Material provided —
..........
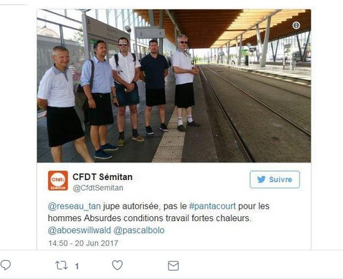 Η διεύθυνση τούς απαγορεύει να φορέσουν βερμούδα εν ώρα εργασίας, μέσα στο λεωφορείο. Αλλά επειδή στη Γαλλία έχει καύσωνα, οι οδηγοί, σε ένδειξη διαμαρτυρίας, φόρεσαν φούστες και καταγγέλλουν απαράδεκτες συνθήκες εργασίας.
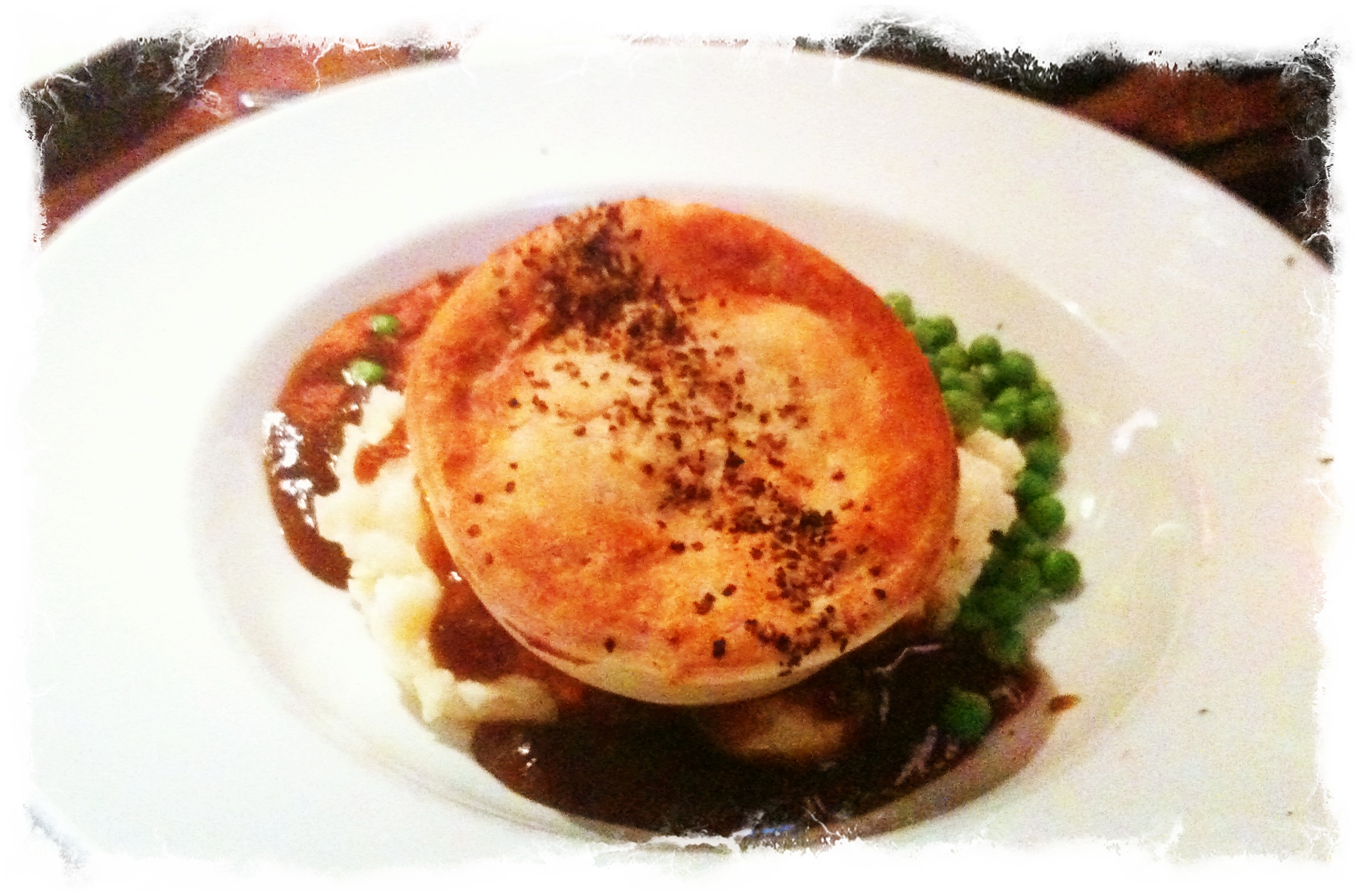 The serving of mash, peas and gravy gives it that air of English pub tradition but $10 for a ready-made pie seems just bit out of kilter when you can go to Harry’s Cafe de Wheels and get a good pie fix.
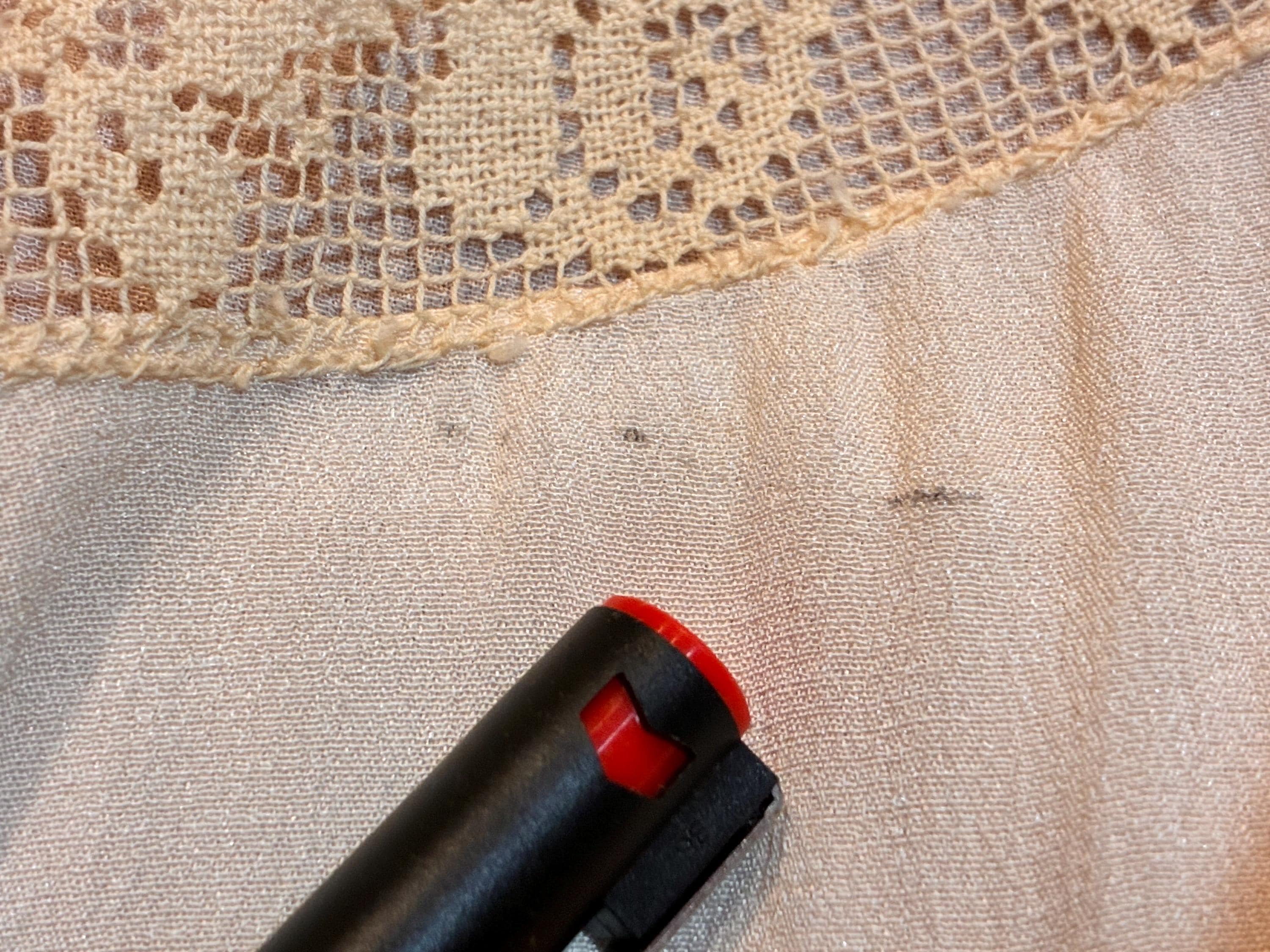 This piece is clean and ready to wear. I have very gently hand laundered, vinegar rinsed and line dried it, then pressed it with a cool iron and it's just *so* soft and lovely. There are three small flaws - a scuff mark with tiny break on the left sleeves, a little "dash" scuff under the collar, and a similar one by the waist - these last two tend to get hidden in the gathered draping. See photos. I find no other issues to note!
..........
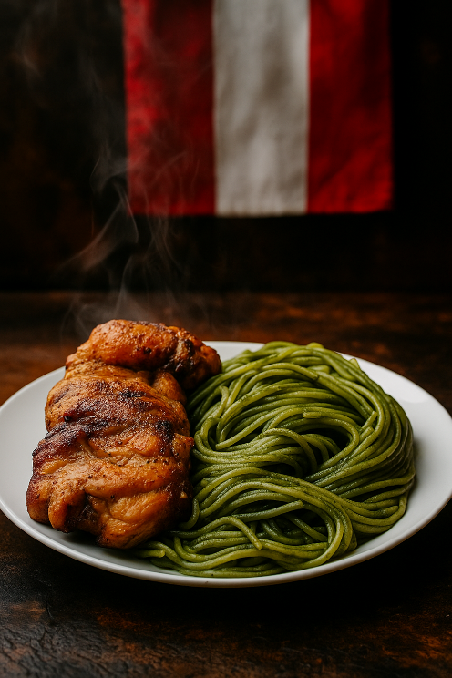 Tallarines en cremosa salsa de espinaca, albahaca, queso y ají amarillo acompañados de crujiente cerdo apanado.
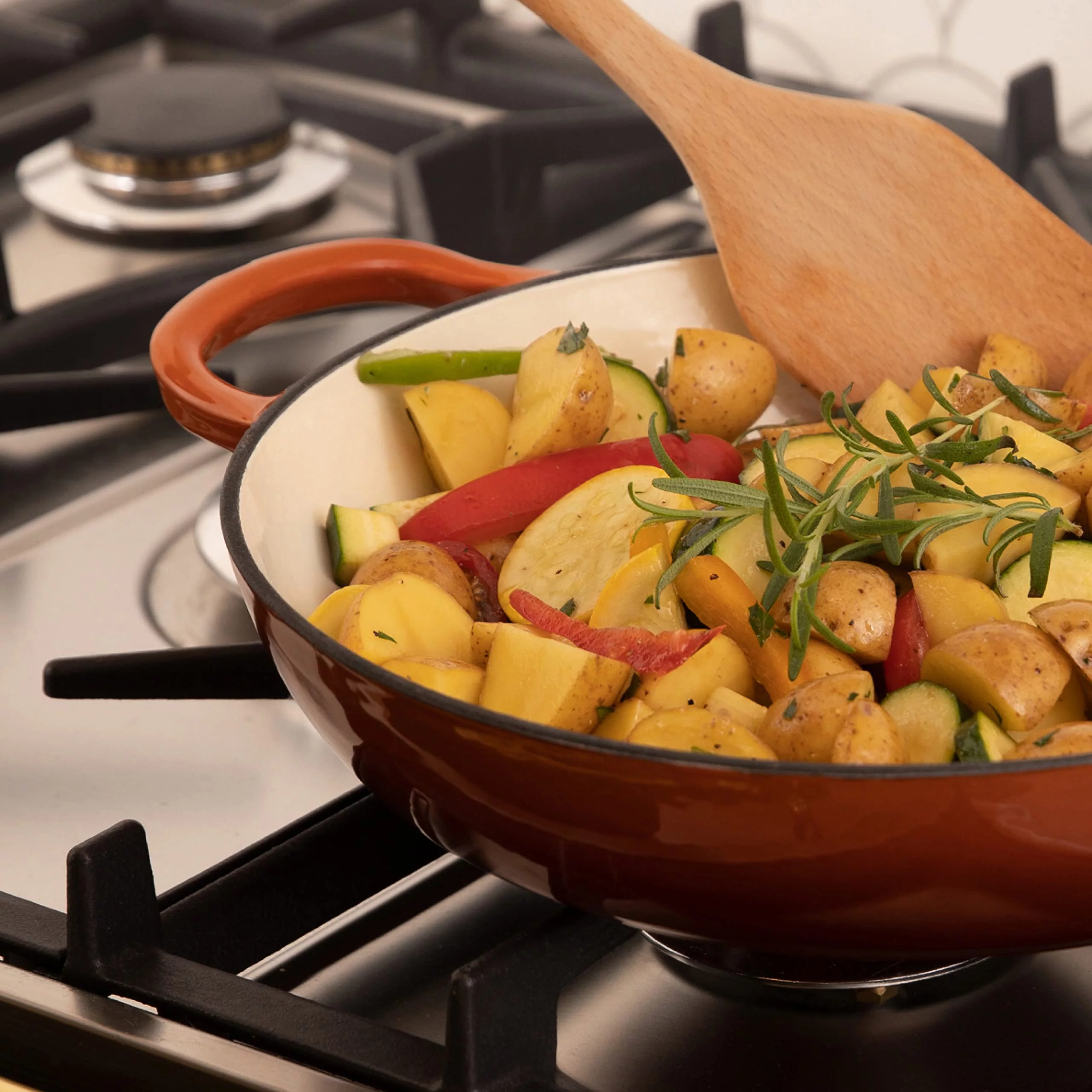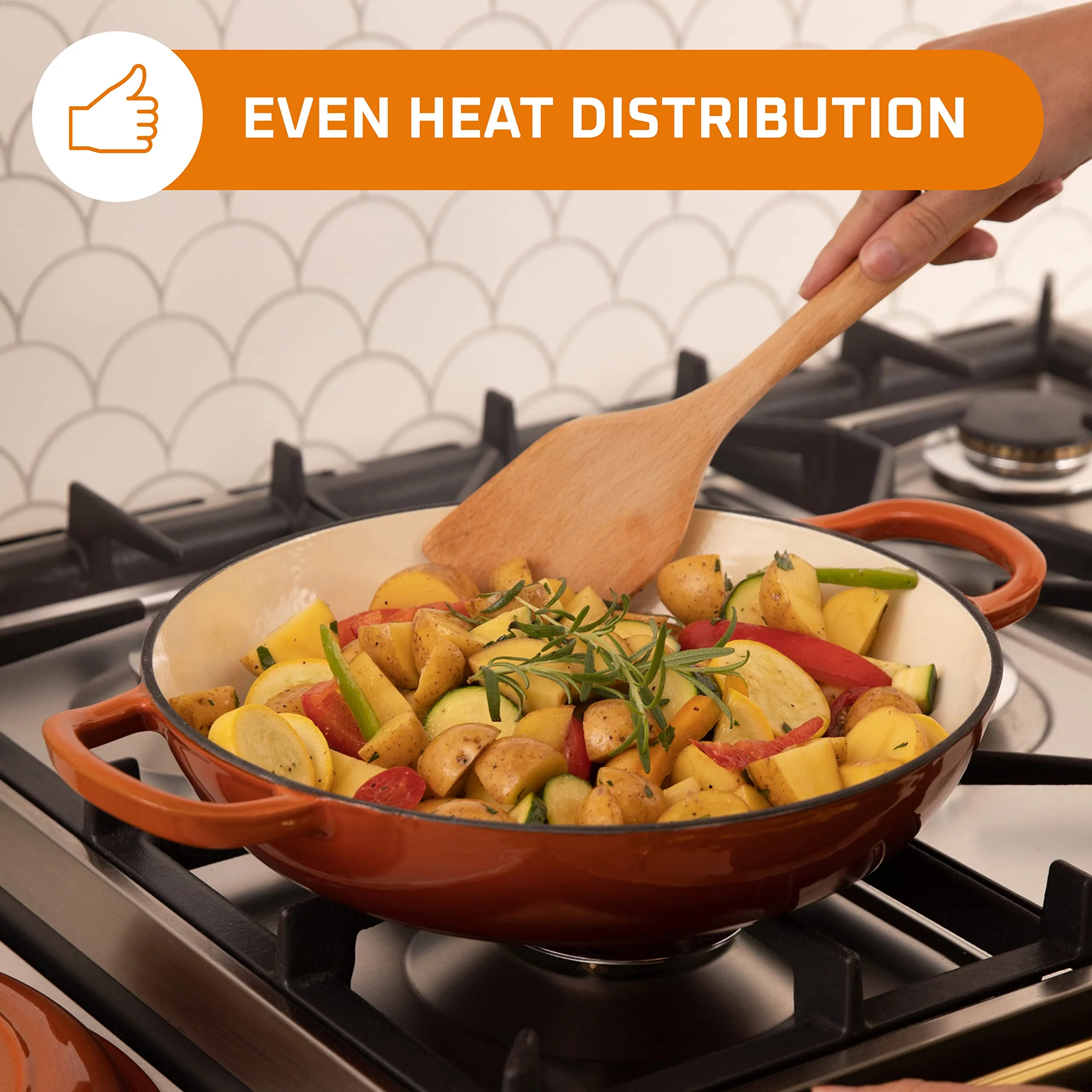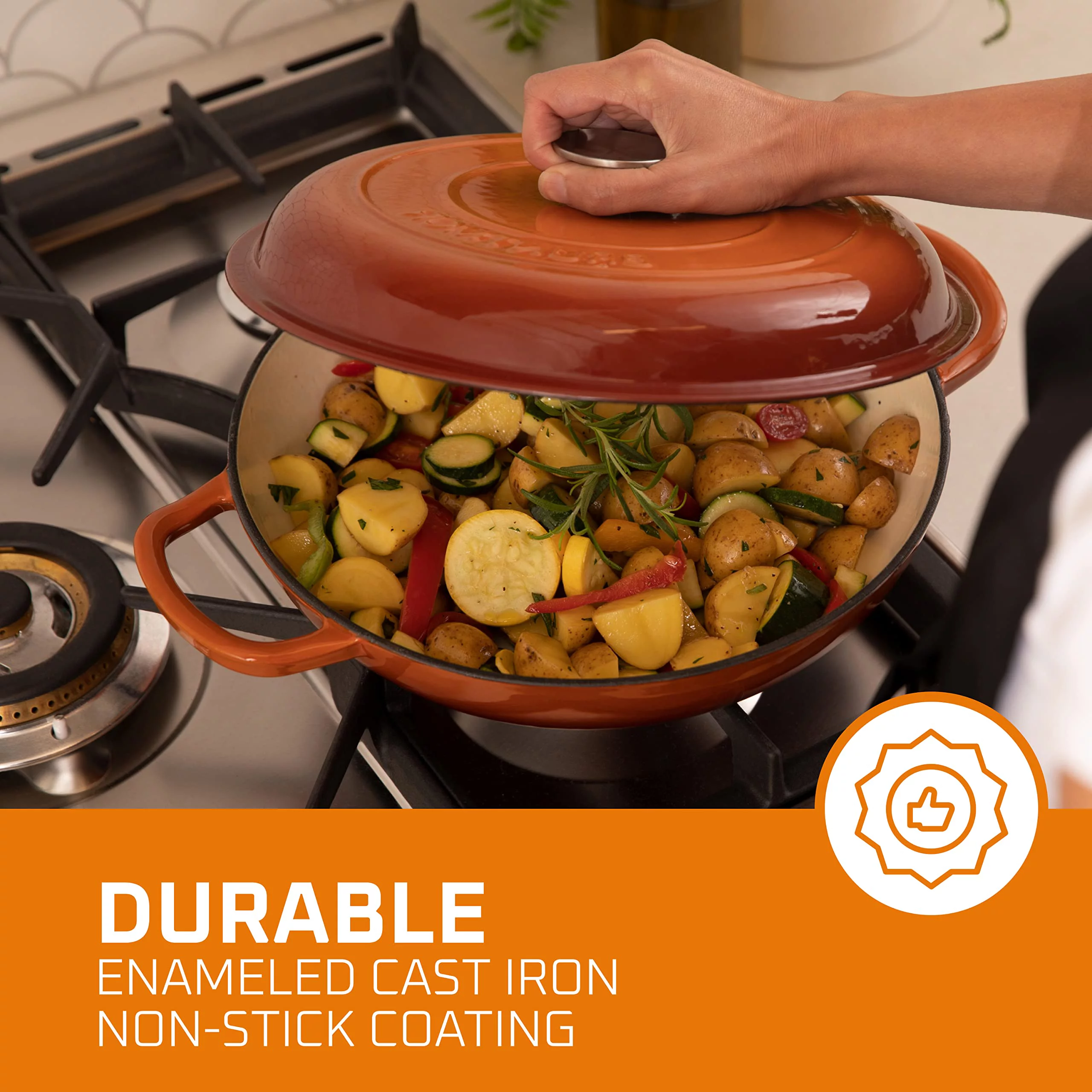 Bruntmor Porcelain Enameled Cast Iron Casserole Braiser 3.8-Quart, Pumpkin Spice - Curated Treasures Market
..........
Exercise — Start with the line with "Η διεύθυνση τούς" in the listing above and stop after the line with "This piece is". Write out exactly the lines in that stretch and no others, without pictures.

Answer to the exercise —
 Η διεύθυνση τούς απαγορεύει να φορέσουν βερμούδα εν ώρα εργασίας, μέσα στο λεωφορείο. Αλλά επειδή στη Γαλλία έχει καύσωνα, οι οδηγοί, σε ένδειξη διαμαρτυρίας, φόρεσαν φούστες και καταγγέλλουν απαράδεκτες συνθήκες εργασίας.
 The serving of mash, peas and gravy gives it that air of English pub tradition but $10 for a ready-made pie seems just bit out of kilter when you can go to Harry’s Cafe de Wheels and get a good pie fix.
 This piece is clean and ready to wear. I have very gently hand laundered, vinegar rinsed and line dried it, then pressed it with a cool iron and it's just *so* soft and lovely. There are three small flaws - a scuff mark with tiny break on the left sleeves, a little "dash" scuff under the collar, and a similar one by the waist - these last two tend to get hidden in the gathered draping. See photos. I find no other issues to note!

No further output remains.